I am new to bow hunting and am not shure what broadhead to shoot for deer. I am shooting 43-45 pounds with carbon express thunderstorm hunters. I have a pack of 100 grain muzzy mx-3's and a pack of 90 grain 2 blade cut on contact broadheads. I will be hunting for deer. I will not be hunting until the october 23 so i have time. but i am having trouble getting the muzzys tuned but i am worried about not getting a good blood trail with the 1 1/8 inch cut on contact two blades. can anyone help me?


----------



## badjedi (Apr 30, 2008)

What kind of tuning trouble are you having with the muzzy's? You shouldn't have any trouble killing a deer with either broadhead, but if you are concerned about the amount of penetration, then use the 2 blade broadheads. With a proper shot placement, you don't need to be worried about the blood trail.


----------



## old professor (Oct 26, 2008)

Generally with a lighter draw weight you will get better penetration with a two blade cut-on-contact broadhead. As badjedi said, either will work but my preference would be the two blade.


----------



## fish_AK (Nov 10, 2009)

Both are good choices for you draw weight. Check out the G5 monotecs CS 100gr.


----------



## Cedar Swamp (Oct 8, 2004)

Plenty enough poundage to kill a whitetail. 
Proper shot placement is the key. 
My daughter shoots 100gr. G5 Montec with a little less than you are pulling and they group great 10 to 20 yards. 

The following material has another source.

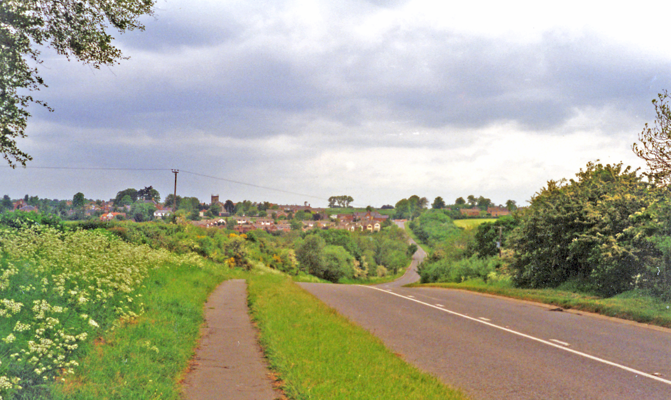 Site of Heather & Ibstock station. View westward, towards Heather on the B591 from Ibstock: the station had been in the dip ahead. It was on the ex-LNWR & Midland Joint (Ashby & Nuneaton) line from Nuneaton via Shackerstone (to left) to Coalville and Loughborough (right), the Charnwood Forest line. The station closed 13/4/31, but the line remained for goods until 7/10/63.

Good Luck and keep shooting


----------



## JD252438 (Feb 3, 2010)

thanks for the help the problems i am having with the muzzys are they dont group good. i can put arrows in a 3 inch group with field points and the cut on contacts but i will be lucky to get a 10 inch group with the muzzys


----------



## badjedi (Apr 30, 2008)

JD252438 said:


> thanks for the help the problems i am having with the muzzys are they dont group good. i can put arrows in a 3 inch group with field points and the cut on contacts but i will be lucky to get a 10 inch group with the muzzys


Are your vanes right helical or offset? That will make a difference on how well the vanes will steer the broadheads. Are your field tips 100 or 90 grains? If you're using 90 grain field tips, the extra weight of the muzzy's might be just enough to throw it off. Have you check your FOC?


----------



## JD252438 (Feb 3, 2010)

i am just shooting normal vanes that are straight. Im shooting 100 grains and am having trouble getting the muzzys to group but i can group field points at 25 yards 3 inches


----------



## Non Typical (Feb 17, 2009)

There could be a lot of reasons. To start is spine of the arrow, second is the spin of the arrow with the bh on the end, torquing the bow. Trying to help would be better if you give us all the details of what you have and length of arrows, spine and make.
Your bow is not in tune, but easy to fix!


----------



## JD252438 (Feb 3, 2010)

im shooting a jennings micro carbon extreme with Carbon express Thunderstorm hunters 8.3 grains per inch, spine is 0.499" and diameter is 0.285 Mt draw lenght is 26 or 28 inches (the writing is worn off) i hope that helps.


----------